The New York Times offers critical review of failed actions and plans against Cuba.
The famous German physicist Albert Einstein shook the scientific world with his theory of relativity by raising the variability of the phenomena and their assessment under different conditions. From that moment on, there is a greater awareness of the relativity of things and events if they are observed through different prisms.
This is precisely what happens to an expert reader when reviewing the article in The New York Times published as: In Cuba, Misadventures in Regime Change, fifth editorial of the major media outlet in the last 30 days dedicated to issues related to the neighboring island.
All things considered, there is no use in denying the positive things of such materials devoted to criticizing the blockade, the swap of political prisoners between the two countries, recognizing the unique contribution of Cuba in the fight against Ebola, and questioning the methods used by the United States in order to bring about a regime change in the Antilles archipelago. The negative is what underlies it.
The Times does not take into account the principle that it is totally unacceptable, illegal and unethical—in the light of the practice of international law— to overthrow governments that do not please Washington; what The Times questions is the persistence on a course of action against Cuba that has failed miserably and is bringing growing headaches for the superpower.

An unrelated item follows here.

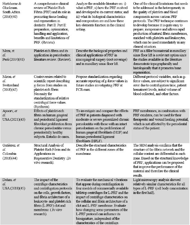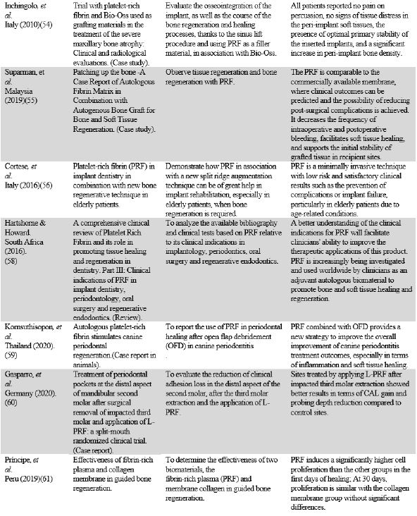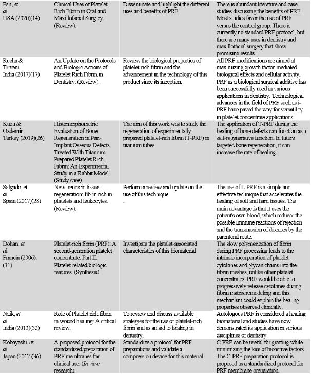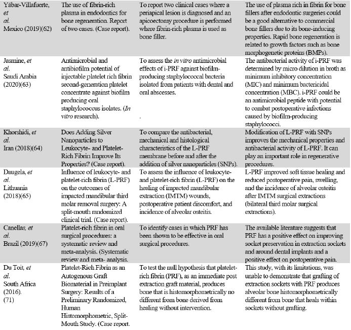 The information search for the integrative literature review was conducted in the integrated search engine EBSCOhost, mainly in the index databases: PubMed, Scopus, Embase, and PROSPERO without language restrictions. Areas of interest were the use of plasma and platelet concentrates in dentistry, regenerative dentistry, tissue regeneration, and tissue engineering. Only studies in English and Spanish and two studies in Portuguese were included. The search was limited to the uses and investigations of PCs in the dental area in clinical studies in humans and in animal models published from 2010 to April 2021. The following keywords with their Boolean connectors were used: “platelet concentrates” OR “ platelet concentrates” AND “PRF (platelet-rich fibrin),” AND “PRP (platelet-rich plasma),” AND “tissue engineering in dentistry.” Of 3,558 titles, 71 were selected (37 reviews, 19 case reports, 9 in vitro studies, 3 animal studies, and 3 consensus). The main selection criterion was the relevance and the authors of the topic. Appendices 1-3 summarize the articles used to conducts this literature report.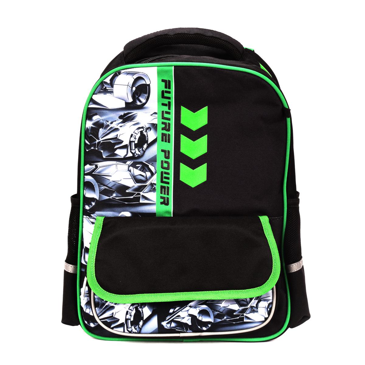 Рюкзак школьный "Футуристичные тачки", 28х37.5х13.5см, жесткая спинка, черный с зеленым

This approach gives priority to an extreme pragmatism, typical of many institutions and large sectors of the population in North America, which translates into applying or rejecting actions and tactics based on the criteria of effectiveness rather than legality and ethics. In other words, the end justifies the means, and that is something nations governed by laws and honest people everywhere in the world will never accept.
Back to that article, on each of the materials about Cuba some points of mutual interest are addressed, and that’s positive, however their ultimate purpose is to divert the path of the independent nation, which is inadmissible.
The Times, for example, recognizes that the so-called democracy funds granted by the US government to destabilize the Cuban counterpart, ” have been a magnet for charlatans, swindlers and good intentions gone awry”, and recommends a more diplomatic approach. This, undoubtedly, is obvious.
At least from here, it is perceived as good in some way that a high ranking publication like The New York Times began to realize the futility of investing money from American taxpayers to fatten the pockets of criminals and opportunists, residents on both sides of the Florida Strait who have made anti-Cuban rhetoric a particularly lucrative modus vivendi.
There is evidence in the repeated claims of the Cuban authorities on the purchase of luxury products such as fur coats, clothes, food and others to distribute among the thus-termed dissidents, as well as the videos of well-paid-by-the-North ladies in profitable journeys through out Havana stores, who are also specialists in theatrical hunger strikes with high nutrient intakes.
The biased approach of the New York newspaper can be summed up in the following paragraph: “The United States should strive to promote greater freedoms on the island of 11 million people and loosen the grip of one of the most repressive governments in the world. But it must chart a new approach informed by the lessons of nearly two decades of failed efforts to destabilize the Castro regime.”
First, it is not for the United States to promote political reforms in Cuba, nor it is Cuba’s one of the most oppressive governments in the world. If it were as The Times says, Cuba would not be in the process of upgrading its socio-economic system, nor would it belong to prestigious international institutions, have many friends worldwide, or obtain the support of its motions against the blockade at the UN.
But there is more: in its fourth paragraph, the article, which makes reference to Clinton having made little effort to promote democratic reforms in Cuba, says: ” That changed when George W. Bush came to power in 2001 with an ambitious aim to bring freedom to oppressed people around the world”.
Indeed, Bush did much to end the Cuban government, imposing all types of prohibitions, claiming his right to decide who is family and who is not in the neighboring country, suppressing the remittances of over $100 from USA, and subjecting the rest to draconian rules.
In addition to the above, Cuba was threatened Irak-like. Is it so that the invasion and destruction of Afghanistan and Irak classify among what The Times describes as releasing repressed peoples? Not to mention the campaigns against Libya, Syria and Ukraine, undertaken during the Obama administration.
In general terms, the newspaper offers a critical review of failed actions and plans of the US government and its agencies to subvert the internal order in the island, and the proposals to amend them without changing the ultimate goal of overthrowing a legitimate government of an independent state, explicit in the Torricelli Law and the Helms-Burton Act.
Aggressions of all kinds, including the blockade, have become a boomerang for those who apply it and have caused the USA to be isolated from the world community. Hence, the relativity of the postulates by The Times.